In a notable sign of defiance, Disney last week announced that it would end its movie distribution deal with Netflix, beginning with 2019 releases, and start its own streaming service. Disney also will launch an ESPN streaming platform that it will market directly to consumers.
In other moves to counter Netflix, 21st Century Fox and Time Warner have limited their content deals with the company. Fox refused to renew its content deal with Netflix when the last pact expired. The sides also have sparred in court, with the studio alleging Netflix has illegally poached its executives.
Netflix has populated its ranks with executives who have worked at major entertainment companies, taking a page out of the playbook of such established juggernauts as HBO. That premium service nearly two decades ago began focusing on its own original programming, such as “The Sopranos” and “Sex and the City,” as the most logical way to evolve.
Netflix began raising its profile in 2013 with the series "House of Cards," from Media Rights Capital; and then, "Orange Is the New Black," from Lionsgate. Other shows that Netflix licenses from outside studios include "The Crown" from Sony Pictures Television and "Iron Fist" from Disney's Marvel.
To exert more financial and creative control over its shows, the company is pouring more money into self-produced original content that it owns. The goal is for 50% of its programming to be original.
“It’s about filling the voracious need for content that they can use on a global scale,” said Guy Bisson, research director at media research firm Ampere Analysis.
Results have been mixed. While "Stranger Things" became a near-instantaneous hit, other shows such as "Santa Clarita Diet" and "The Ranch" haven't made much of a cultural impact.
Netflix is working overtime to attract more top-level TV producers to its moneyed shores. It will stream two new Warner Bros. series from producer Chuck Lorre, including the marijuana comedy "Disjointed," which debuts this month. It has also secured a deal for a new animated series from Matt Groening of "The Simpsons" fame. Amazon is also moving aggressively, recently striking a deal with "The Walking Dead" Executive Producer Robert Kirkman and his company Skybound Entertainment, luring them away from AMC.
ABC Studios tried to keep Rhimes, but she had made up her mind, according to a person close to the situation. ABC let Rhimes out of her contract early. She had less than a year remaining on her deal.
Rhimes, over the years, had become increasingly frustrated with the constraints of working for ABC Studios, according to two people familiar with the matter. That stemmed in part because all the shows she created were destined for ABC, which has a particular sensibility.
In addition, two of her most recent shows quickly fizzled in the ratings, something she will not experience at Netflix because that company tightly guards its viewership data.
Rhimes, in a statement, called the move to Netflix part of “the evolution of my company.”

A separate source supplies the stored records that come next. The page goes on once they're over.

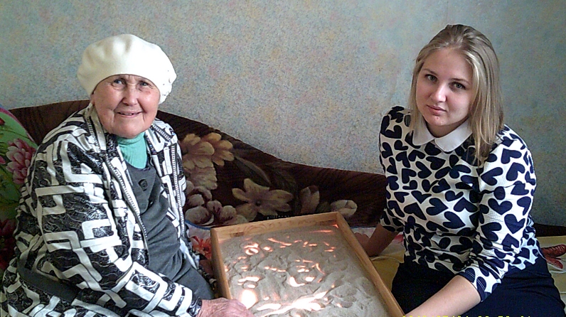 После занятия пескотерапии, проведенного психологом Анной Михайловой, Идея Николаевна отметила, что «исчезло» внутреннее беспокойство, а беседа с психологом придало чувство уверенности и оптимизма. В свою очередь, заведующий отделением надомного социального обслуживания Аниса Хайруллина выяснила удовлетворенность условиями проживания и уходом, наличие/отсутствие проблем и предложений со стороны пожилого человека. Идея Жилина выразила полное удовлетворение с условиями проживания в данной семье и отношением к ней.
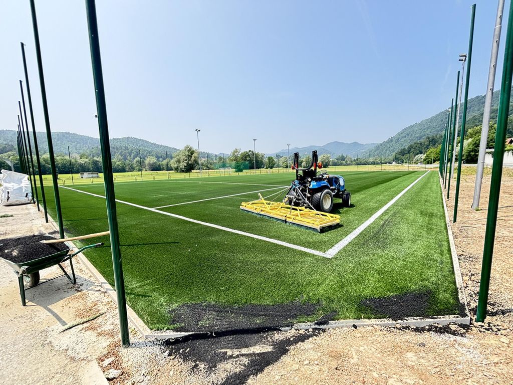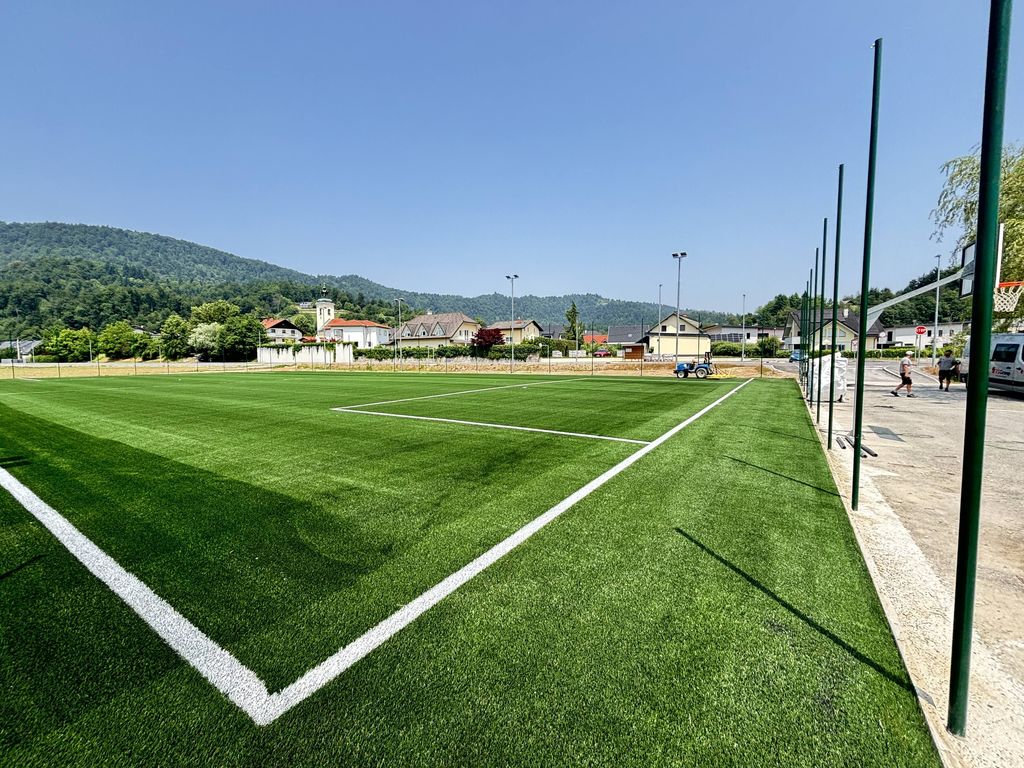 Manjše večnamensko igrišče je dobilo novo umetno travo, ki je nadomestila staro
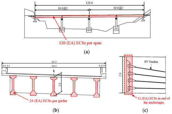 The installation locations of ECSs in the Mokdo Bridge. (a) The longitude section view. (b) The cross-sectional view. (c) The edge of beam detail.
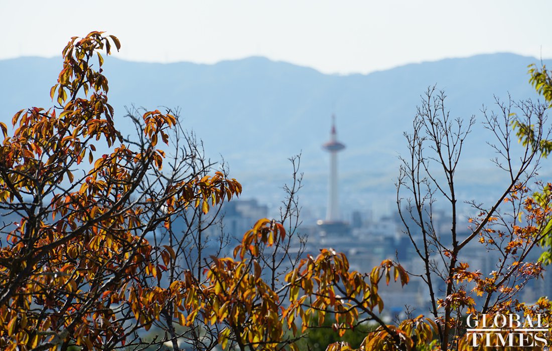 From an overlook in Sannenzaka Ninenzaka, the modern 133-meter tall Kyoto Tower can be seen through the yellowing leaves. Photo: Deng Zijun/GT figcaption >
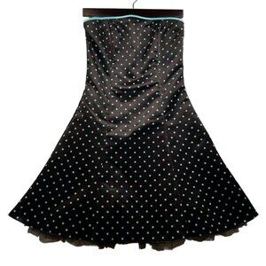 This rare mid-2000s Jessica McClintock party dress captures vintage glam with a playful polka dot twist. The aqua trim and structured bodice, paired with a flirty tulle underlayer, make it perfect for twirling at a summer event, prom, or photoshoot. MADE IN USA adds collectible value!

Sarandos, she said, “provides a clear, fearless space for creators at Netflix. He understood what I was looking for -- the opportunity to build a vibrant new storytelling home for writers with the unique creative freedom and instantaneous global reach provided by Netflix’s singular sense of innovation.”
Channing Dungey, president of ABC Entertainment, said that working with Rhimes was a highlight of her career, and that ABC is “happy to continue working with Shonda and her team at Shondaland” on the series that will still air on the network.
Netflix shares fell 40 cents to $171.00. Shares of Disney slipped 59 cents to $101.40.
6:35 p.m.: This article was updated throughout.
10:05 a.m.: This article was updated with comments from Ampere Analysis' Guy Bisson and with more recent stock prices.
9 a.m.: This article was updated with information about ABC and with more recent stock prices.
8 a.m.: This article was updated with stock prices, details about shows airing on ABC, comments from ABC Entertainment President Channing Dungey and Creatv Media founder Peter Csathy and additional background information.